De novo assembly of the clean data was performed in CLC Genomics Workbench 12.0 (Qiagen) using the default options. The assembled contigs were employed in BLAST at the drug-resistant gene database (ResFinder database, 24 February 2021) and at the virulence factor database (VFDB, May 2021) in order to confirm if the resistance genes or virulence factors were present.

Serum resistance assay.

Serum bactericidal activity was measured as previously described with minor modifications (31). First, 0.1 mL early-log-phase cells, washed and suspended in 0.9% NaCl (ca. 1 × 106 CFU/mL) bacteria were added to 0.1 mL pooled human serum from healthy volunteers. Viable counts were obtained at 0 h, 1 h, 2 h, and 3 h of incubation at 37°C on Mueller-Hinton agar. Each strain was tested at least three times.

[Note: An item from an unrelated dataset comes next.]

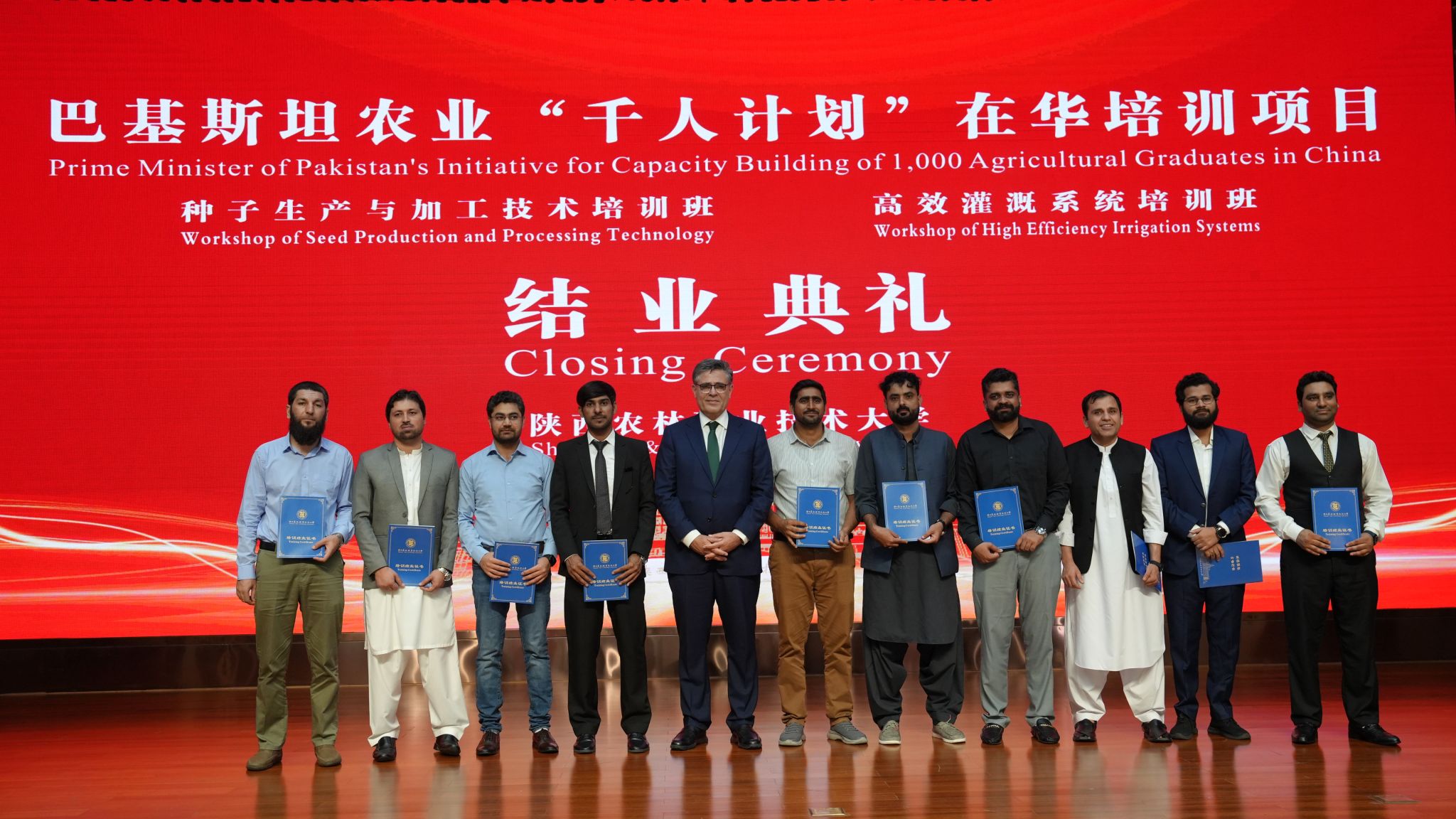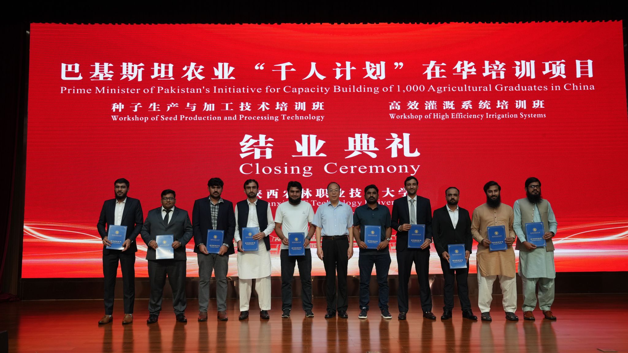 7月17日,巴基斯坦农业“千人计划”在华培训项目结业典礼在我校举行,该项目“高效灌溉系统”“种子生产加工技术”2个专业培训班98名学员顺利结业。巴基斯坦驻华大使卡里尔·哈什米,省外办副主任高进孝,我校校长仲伟周、副校长蒋平江,省外办、省教育厅外事处、杨凌示范区国际局、杨凌国际会展中心酒店相关负责人,以及我校相关部门负责人、教师代表等参加结业典礼。

Galleria mellonella infection.

The infection model of wax moth larvae (~300 mg Galleria mellonella) was used to test the virulence of 11 CR-hvKP isolates. G. mellonella larvae were purchased from Tianjin Huiyude Biotech Company (Tianjin, China) and divided into series of experimental groups (10/group). Log-phase cultures were washed and adjusted to concentrations of 1 × 104 CFU/mL, 1 × 105 CFU/mL, 1 × 106 CFU/mL, and 1 × 107 CFU/mL with phosphate-buffered saline (PBS). G. mellonella were infected with bacteria as described previously and the survival rate at 72 h postinfection was recorded. All experiments were conducted in triplicate.

Data availability.

The complete whole-genome sequences of 11 CR-hvKP isolates have been deposited in the GenBank database under BioProject accession no. PRJNA799444.